━━━ Data records ━━━

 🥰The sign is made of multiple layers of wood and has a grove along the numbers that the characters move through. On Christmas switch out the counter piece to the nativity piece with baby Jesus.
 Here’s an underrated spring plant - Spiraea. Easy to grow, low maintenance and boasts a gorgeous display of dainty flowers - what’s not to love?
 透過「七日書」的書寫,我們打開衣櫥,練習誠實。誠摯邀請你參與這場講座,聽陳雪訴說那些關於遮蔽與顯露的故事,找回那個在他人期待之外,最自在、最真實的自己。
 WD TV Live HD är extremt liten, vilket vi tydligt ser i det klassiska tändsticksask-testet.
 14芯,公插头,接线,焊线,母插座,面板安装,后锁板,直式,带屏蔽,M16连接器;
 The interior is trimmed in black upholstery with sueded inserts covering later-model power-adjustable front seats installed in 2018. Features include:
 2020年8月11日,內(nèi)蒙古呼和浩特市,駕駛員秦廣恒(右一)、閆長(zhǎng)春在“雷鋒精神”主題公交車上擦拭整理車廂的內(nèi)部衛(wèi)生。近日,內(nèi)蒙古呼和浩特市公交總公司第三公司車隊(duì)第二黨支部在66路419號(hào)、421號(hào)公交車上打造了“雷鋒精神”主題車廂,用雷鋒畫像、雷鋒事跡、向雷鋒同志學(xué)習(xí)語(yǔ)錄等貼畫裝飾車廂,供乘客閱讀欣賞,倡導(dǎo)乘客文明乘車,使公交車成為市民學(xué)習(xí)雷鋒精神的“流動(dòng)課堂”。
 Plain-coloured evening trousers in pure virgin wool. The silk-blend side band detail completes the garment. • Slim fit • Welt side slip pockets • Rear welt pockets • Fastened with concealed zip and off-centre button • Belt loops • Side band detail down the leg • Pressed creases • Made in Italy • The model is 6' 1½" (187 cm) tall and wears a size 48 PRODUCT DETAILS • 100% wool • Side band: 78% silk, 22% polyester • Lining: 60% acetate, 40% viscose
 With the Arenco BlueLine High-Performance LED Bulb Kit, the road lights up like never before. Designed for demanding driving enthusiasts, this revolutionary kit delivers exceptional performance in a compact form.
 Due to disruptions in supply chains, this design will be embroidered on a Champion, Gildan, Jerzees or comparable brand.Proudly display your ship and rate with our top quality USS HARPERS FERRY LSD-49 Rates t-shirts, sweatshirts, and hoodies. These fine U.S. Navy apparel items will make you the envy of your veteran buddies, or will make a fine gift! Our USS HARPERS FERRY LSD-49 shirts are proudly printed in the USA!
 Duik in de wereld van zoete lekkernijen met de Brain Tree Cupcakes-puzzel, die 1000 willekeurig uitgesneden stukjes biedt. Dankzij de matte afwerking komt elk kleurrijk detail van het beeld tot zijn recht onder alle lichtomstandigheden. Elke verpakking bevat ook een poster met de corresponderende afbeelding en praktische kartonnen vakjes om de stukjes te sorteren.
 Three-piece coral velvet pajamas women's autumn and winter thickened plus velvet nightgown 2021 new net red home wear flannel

━━━

__Activity__
Transcribe the data above verbatim.

__Output of the exercise__
 🥰The sign is made of multiple layers of wood and has a grove along the numbers that the characters move through. On Christmas switch out the counter piece to the nativity piece with baby Jesus.
 Here’s an underrated spring plant - Spiraea. Easy to grow, low maintenance and boasts a gorgeous display of dainty flowers - what’s not to love?
 透過「七日書」的書寫,我們打開衣櫥,練習誠實。誠摯邀請你參與這場講座,聽陳雪訴說那些關於遮蔽與顯露的故事,找回那個在他人期待之外,最自在、最真實的自己。
 WD TV Live HD är extremt liten, vilket vi tydligt ser i det klassiska tändsticksask-testet.
 14芯,公插头,接线,焊线,母插座,面板安装,后锁板,直式,带屏蔽,M16连接器;
 The interior is trimmed in black upholstery with sueded inserts covering later-model power-adjustable front seats installed in 2018. Features include:
 2020年8月11日,內(nèi)蒙古呼和浩特市,駕駛員秦廣恒(右一)、閆長(zhǎng)春在“雷鋒精神”主題公交車上擦拭整理車廂的內(nèi)部衛(wèi)生。近日,內(nèi)蒙古呼和浩特市公交總公司第三公司車隊(duì)第二黨支部在66路419號(hào)、421號(hào)公交車上打造了“雷鋒精神”主題車廂,用雷鋒畫像、雷鋒事跡、向雷鋒同志學(xué)習(xí)語(yǔ)錄等貼畫裝飾車廂,供乘客閱讀欣賞,倡導(dǎo)乘客文明乘車,使公交車成為市民學(xué)習(xí)雷鋒精神的“流動(dòng)課堂”。
 Plain-coloured evening trousers in pure virgin wool. The silk-blend side band detail completes the garment. • Slim fit • Welt side slip pockets • Rear welt pockets • Fastened with concealed zip and off-centre button • Belt loops • Side band detail down the leg • Pressed creases • Made in Italy • The model is 6' 1½" (187 cm) tall and wears a size 48 PRODUCT DETAILS • 100% wool • Side band: 78% silk, 22% polyester • Lining: 60% acetate, 40% viscose
 With the Arenco BlueLine High-Performance LED Bulb Kit, the road lights up like never before. Designed for demanding driving enthusiasts, this revolutionary kit delivers exceptional performance in a compact form.
 Due to disruptions in supply chains, this design will be embroidered on a Champion, Gildan, Jerzees or comparable brand.Proudly display your ship and rate with our top quality USS HARPERS FERRY LSD-49 Rates t-shirts, sweatshirts, and hoodies. These fine U.S. Navy apparel items will make you the envy of your veteran buddies, or will make a fine gift! Our USS HARPERS FERRY LSD-49 shirts are proudly printed in the USA!
 Duik in de wereld van zoete lekkernijen met de Brain Tree Cupcakes-puzzel, die 1000 willekeurig uitgesneden stukjes biedt. Dankzij de matte afwerking komt elk kleurrijk detail van het beeld tot zijn recht onder alle lichtomstandigheden. Elke verpakking bevat ook een poster met de corresponderende afbeelding en praktische kartonnen vakjes om de stukjes te sorteren.
 Three-piece coral velvet pajamas women's autumn and winter thickened plus velvet nightgown 2021 new net red home wear flannel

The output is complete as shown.